Echoes of PanamaPapers
The Paradise Papers documents bear similarities with the publication of Panama Papers in April 2016.
In that Pulitzer-winning investigation, the ICIJ shared internal data of the Panama-based offshore-provider, Mossack Fonseca, obtained by the German newspaper, Süddeutsche Zeitung, with PREMIUM TIMES and over 100 other media partners in 82 countries.
At least 110 Nigerians were exposed as users of offshore companies in the groundbreaking leak.
The personalities ranged from politicians like Niger State Governor Sani Bello and David Mark to traditional rulers like the late Ooni of Ife Okunade Sijuwade to businessmen Aliko Dangote, Mike Adenuga and Hakeem Bello-Osagie.
While Iceland’s Prime Minister Sigmundur Gunnlaugsson resigned and Pakistani Prime Minister Nawaz Sharif was removed from office as a result of the revelations about their families’ finances in the #PanamaPapers, no Nigerian politicians identified in the investigation has suffered any consequences for holding undisclosed assets in foreign countries while in office.
PREMIUM TIMES linked several firms to Mr. Saraki based on the trove of 11.5 million documents and reported that the first, Girol Properties Ltd., was registered in the British Virgin Island (BVI) on August 25, 2004 (a year after the politician became governor of Nigeria’s north-central state of Kwara).
The second company, Sandon Development Limited, was registered in Seychelles Island on January 12, 2011 and had Mrs. Saraki and one Babatunde Morakinyo, (a long-term personal aide and friend of Mr. Saraki) as shareholders.

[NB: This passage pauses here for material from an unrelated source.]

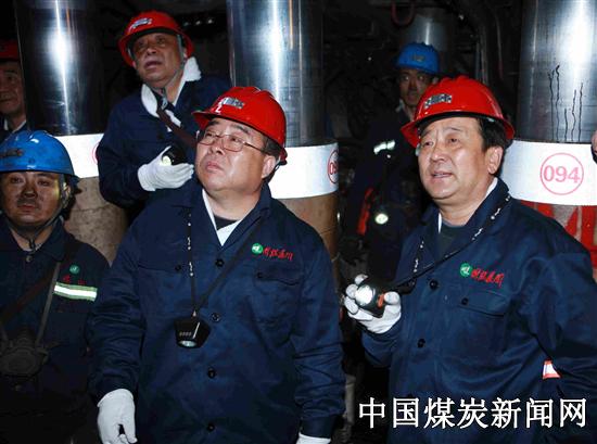 ![]() 同煤集团董事长张有喜向杨绍清介绍综采工作面安全生产情况
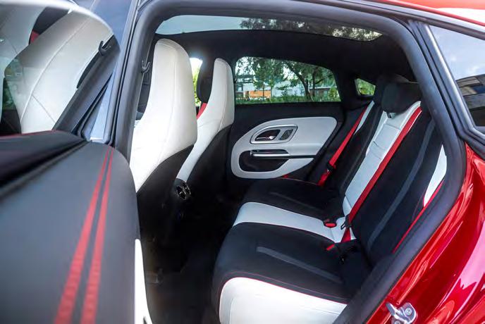 uavhengige elmotorene på hver aksel gir enda bedre mulighet for ’torque vectoring’, hvor kreftene kan fordeles individuelt til hvert hjul. Det gir i prinsippet både ekstra sikkerhet og moro, spesielt på glatt føre eller på svingete veier. Men på de svingete nord-sjællandske B-veiene føles den firehjulstrukkede versjonen faktisk mindre underholdende enn bakhjulsdrivere. Nåvel – den svinger skarpere inn i svingene og virker litt mer effektiv, men den lar seg ikke lokke til litt bakhjuls-løyer eller milde utglidninger. Det er naturligvis en smakssak, men CLA har allerede en svært fornuftig natur, og den blir ikke mindre fornuftig med firehjulsdrift. Ved normal kjøring merker man imidlertid ikke den store forskjellen mellom 250+ og 350 4Matic – unntatt når det kommer til forbruket. Det ender på cirka 15 kWh/100 km etter stort sett samme rute og veiforhold som dagen før. Det er omtrent 15 prosent høyere enn i 250+.

The third hidden company in the name of Mrs. Saraki is Landfield International Developments Ltd., a company registered in the British Virgin Islands on April 8, 2014.
The companies were never disclosed and it turned out Mrs. Saraki was a mere front for her husband.
In July 28, 2015, Mrs Toyin Saraki, who was the first lady of Kwara State between 2003 and 2011, was interrogated by Nigeria’s anti-graft agency, the Economic and Financial Crimes Commission (EFCC), in relation to awards of contracts during her husband’s tenure as governor.
The EFCC has not taken further actions since her interrogation, and nothing has been heard of the case since then.
Alleged false assets declaration probe
Mr. Saraki, a member of Nigeria’s ruling All Progressives Congress, emerged Senate President in 2015 after he was re-elected for a second term from Kwara Central Senatorial District.
On September 16, 2015, three months after he became Senate President, the CCB slammed a 13-count charge on him over suspicious false and anticipatory declaration of assets. The charges were later increased to 18 as the trial got underway in 2016.
The charges were, however, quashed by the Code of Conduct Tribunal on June 14, 2017, a verdict that irked civic organisations.
The Buhari administration said the ruling had been challenged at the Court of Appeal, but Mr. Saraki maintained his innocence and said he was confident the appeal will also fall apart.